イマオト - 今の音楽を追うブログ -

旧ブログ名:face it。音楽チャートアナライザーとして、ビルボードジャパンや米ビルボードのソングチャートなどを紹介します。

二回目の紅白予想に対する反応から考える、演歌歌謡曲の現状および提案について

一昨日公開した『第74回NHK紅白歌合戦』(以下”紅白”と表示)の出場歌手予想に関するエントリーにたくさんのアクセスをいただきました。心より感謝申し上げます。そして、番組への関心の高さを感じています。
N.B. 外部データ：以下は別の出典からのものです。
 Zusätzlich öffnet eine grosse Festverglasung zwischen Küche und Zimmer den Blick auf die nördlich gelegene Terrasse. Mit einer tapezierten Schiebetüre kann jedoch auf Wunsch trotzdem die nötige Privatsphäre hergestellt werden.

読んでくださった方がそれぞれ予想を作成することを希望すると共に、特に今年のヒット曲に関する選出についてはビルボードジャパンのチャートが重要であること、そして同チャートが社会的ヒットの鑑であることをお伝えすべく、紅白予想エントリーを用意しています。

 

その中にあって、時折厳しい言葉もいただきます。今回はX(旧Twitter)で引用リポストの形にて予想があり得ない、全然だめという言葉をいただきました。おそらくはその方がとある演歌歌手のファンでありその歌手が選ばれなかったこと、また別の歌手が復帰するという予想についても強く否定したかったのだろうと捉えています。
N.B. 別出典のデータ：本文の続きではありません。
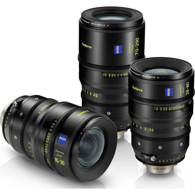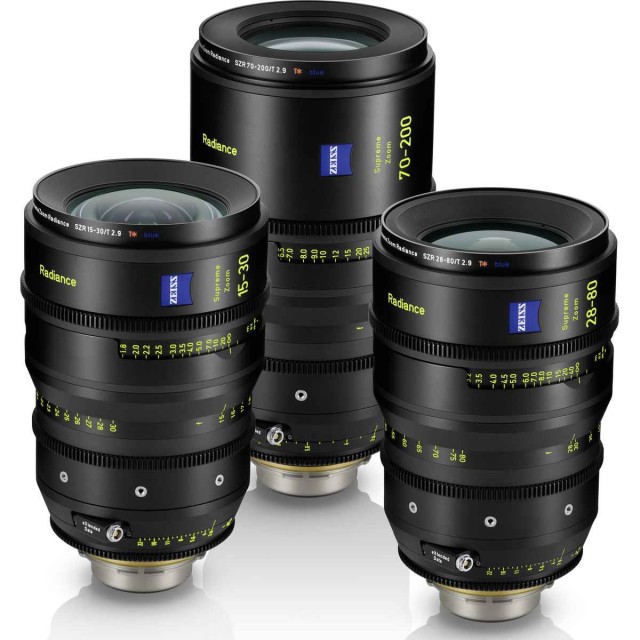 Objektivy ZEISS Supreme Zoom Radiance jsou jedinečnou řadou filmových zoomů a jedinými zoomy, které odpovídají obrazovému podání řady Supreme Prime Radiance. Tři nově navržené špičkové filmové zoomy se světelností T/2,9 – 15-30 mm, 28-80 mm a 70-200 mm – mají stejnou modrou povrchovou úpravu optiky „T*“ jako oblíbené modely Supreme Prime Radiance. Díky tomu mohou kameramani vytvořit svůj charakteristický vzhled s krásnými, konzistentními a kontrolovanými odlesky, teplejší barevnou reprodukcí a příjemným filmovým charakterem obrazu vč. nádherného bokehu. Zoomy Radiance nabízejí u filmových transfokátorů jedinečné obrazové podání, a lze je skvěle kombinovat s pevnými objektivy Zeiss Radiance Prime i s vintage objektivy. Moderní ergonomie špičkové úrovně a plná podpora dat z objektivu jsou samozřejmostí. Objednávky od 11/2024, první dodávky od 4/2025.

この演歌歌謡曲ジャンルについて、業界独自の環境について記す必要があると考えていました。今回いただいた非難を機に、今一度掲載します。

 

 

演歌歌謡曲については、ヒット曲を知る手立てが乏しいというのが正直な私見です。

このジャンルはビルボードジャパンによる複合指標のチャートからはヒットが見えにくく、フィジカルセールス(指標)が唯一に近い比較材料と捉えています。そのフィジカルセールス(CDを主体)において、今年は純烈「だってめぐり逢えたんだ」が最大のヒットとなっていることが下記記事をはじめスポーツ紙等で先日一斉にアナウンスされました。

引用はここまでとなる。